──────── The input ────────

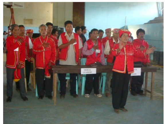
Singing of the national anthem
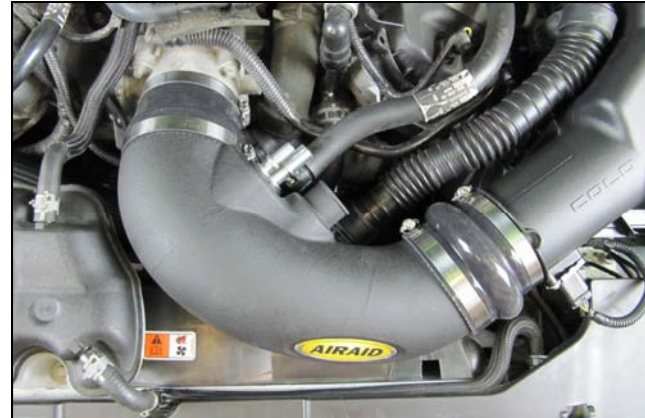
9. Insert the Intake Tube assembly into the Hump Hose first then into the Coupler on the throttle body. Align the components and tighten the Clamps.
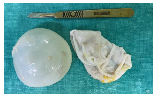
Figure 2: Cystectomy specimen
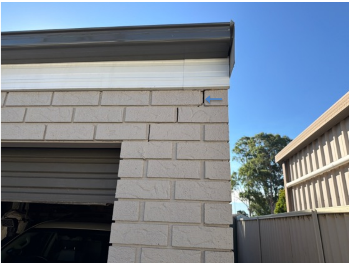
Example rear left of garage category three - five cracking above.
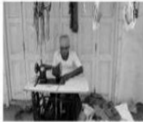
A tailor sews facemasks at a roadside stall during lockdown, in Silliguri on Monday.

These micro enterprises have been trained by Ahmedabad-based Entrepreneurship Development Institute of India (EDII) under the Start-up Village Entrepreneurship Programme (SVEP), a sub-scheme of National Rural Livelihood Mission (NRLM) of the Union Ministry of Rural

────────
──────── The input ────────

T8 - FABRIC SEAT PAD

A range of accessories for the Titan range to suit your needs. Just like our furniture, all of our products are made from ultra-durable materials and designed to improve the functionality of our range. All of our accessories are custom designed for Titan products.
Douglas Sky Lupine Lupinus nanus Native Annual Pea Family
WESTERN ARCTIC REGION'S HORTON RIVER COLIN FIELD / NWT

────────

The task:
From the records above, copy only the lines running from the line containing "9. Insert the" to the line containing "These micro enterprises", both ends included. Leave the pictures out.

Exercise solution:
9. Insert the Intake Tube assembly into the Hump Hose first then into the Coupler on the throttle body. Align the components and tighten the Clamps.
Figure 2: Cystectomy specimen
Example rear left of garage category three - five cracking above.
A tailor sews facemasks at a roadside stall during lockdown, in Silliguri on Monday.

These micro enterprises have been trained by Ahmedabad-based Entrepreneurship Development Institute of India (EDII) under the Start-up Village Entrepreneurship Programme (SVEP), a sub-scheme of National Rural Livelihood Mission (NRLM) of the Union Ministry of Rural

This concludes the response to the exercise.